Student newspaper provides candid comment on university

You know what really grinds my gears? When people don’t appreciate the value of a fair and independent student newspaper.

A good student newspaper is the student body’s best chance to keep a check on the institution we (our parents) pay so much to attend. So while I don’t expect students to read The Miami Hurricane cover-to-cover twice a week or open 10 tabs every morning to read online, I think it’s worth appreciating for the service it provides: an independent view of what is happening in and around the school.

As a private institution, UM gets to control a lot of its image, and as any private institution should, it paints that image in its best interest. That’s why outside media need permission, credentials and accompaniment by UM staff to come on campus.

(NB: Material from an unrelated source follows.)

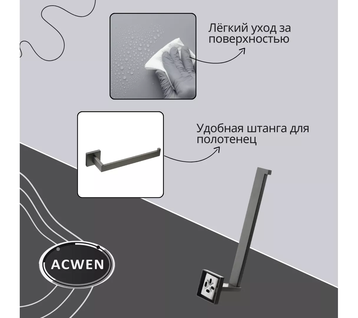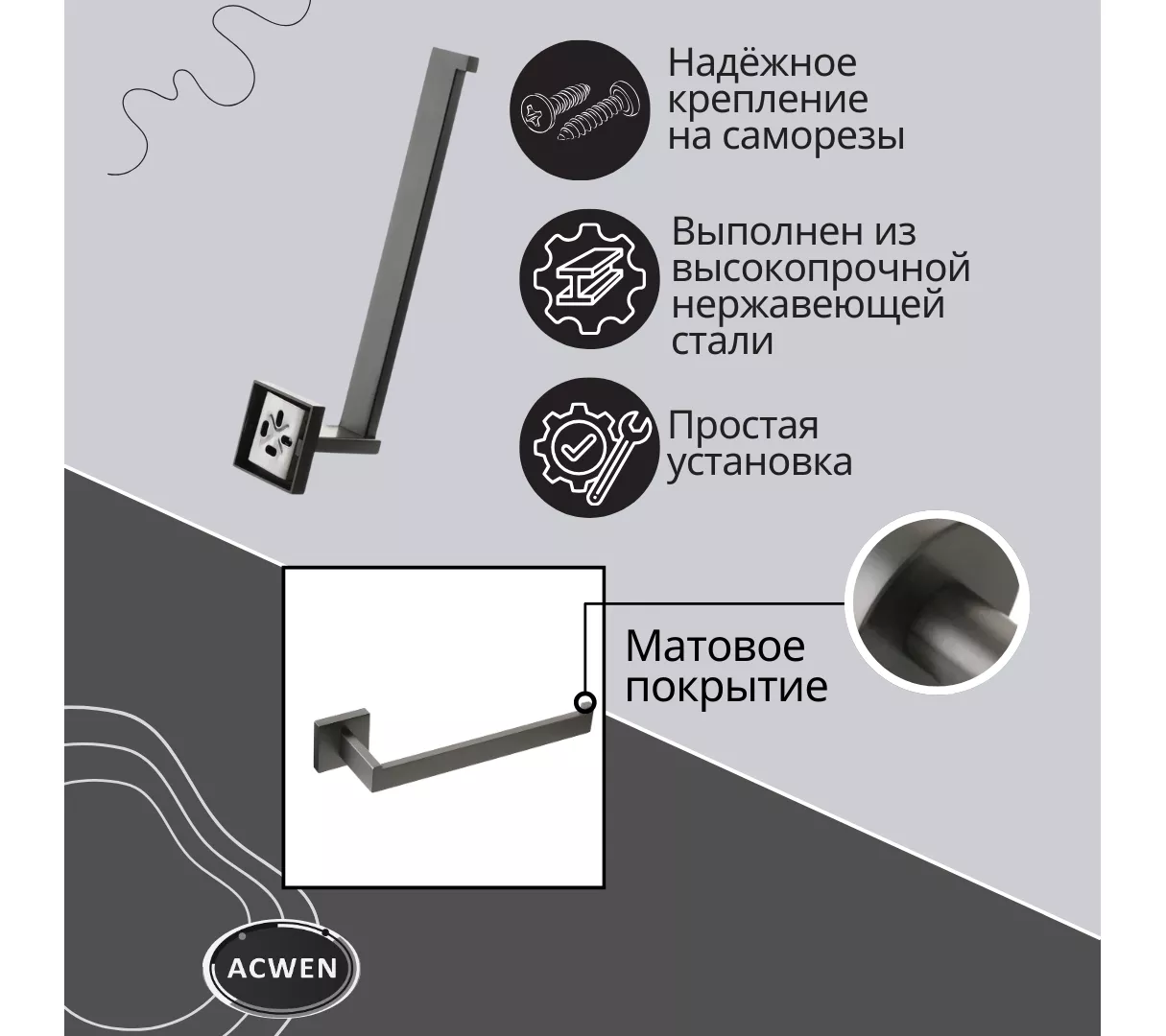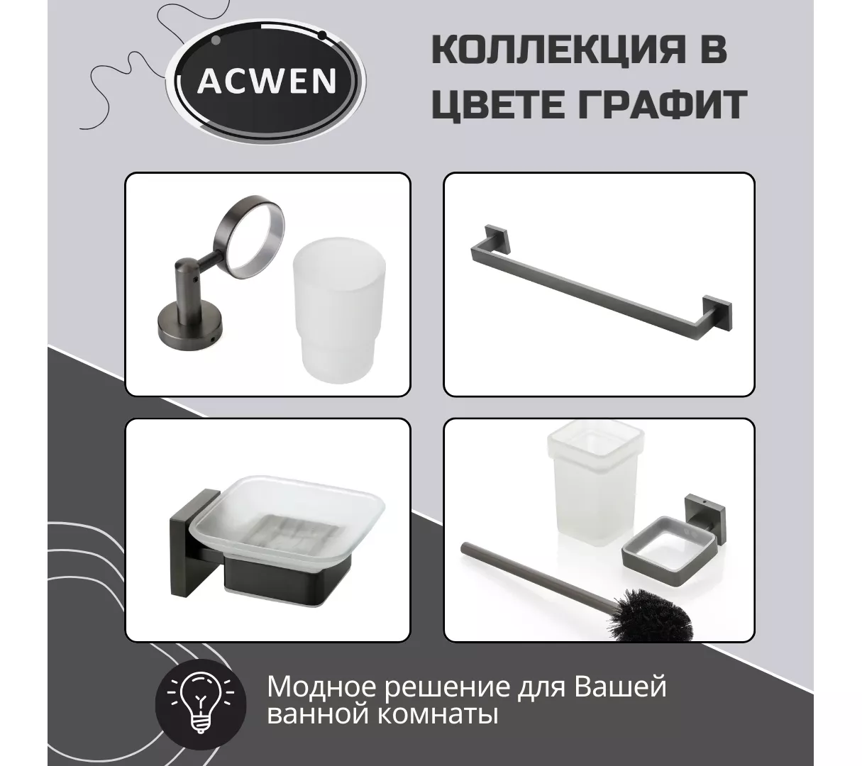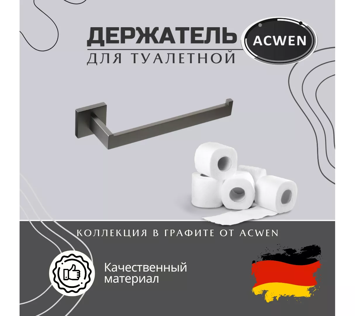 Держатель для туалетной бумаги ACWEN в графитовом исполнении сочетает современный дизайн и функциональность. Изготовлен из прочного материала, который обеспечивает долговечность даже при интенсивном использовании. Компактная конструкция легко монтируется на стену и удерживает рулоны различных размеров без скольжения.Сдержанная палитра идеально впишется в интерьер любого помещения, добавляя акцент стиля.Отсутствие острых углов делает изделие безопасным для детей и домашних животных. Простое обслуживание и устойчивость к загрязнению сохранят аксессуар в идеальном состоянии годами.

But the Hurricane doesn’t need that (usually), and that’s why it’s the student body’s best chance to keep itself informed of what’s going on in the school.

When cultural student organizations lose their office space, or the graduate student association wants housing, or a construction project is delayed, TMH is usually the only place for the student body to hear about it in an independent, fair way.

A college campus is its own little state, complete with branches of government, a faculty senate, bureaucracy, labor disputes, private employers, police, private interests in the form of donors and more. The student newspaper is here to independently tell its audience what is going on and why, just as news should do in a progressive state.

The Hurricane is not, nor will it ever be, perfect. Nothing we produce in college is close to perfect. The Hurricane is constantly a work in progress, turning over its staff with each graduating class and adapting itself to new technologies and new audiences. But the student newspaper is not here just to provide working experience for the students who run it. I’d like to think that, ideally, it is here for the same reason any media exists: to tell stories in a manner that informs and entertains its audience.

William Riggin is graduating with a degree in journalism and political science.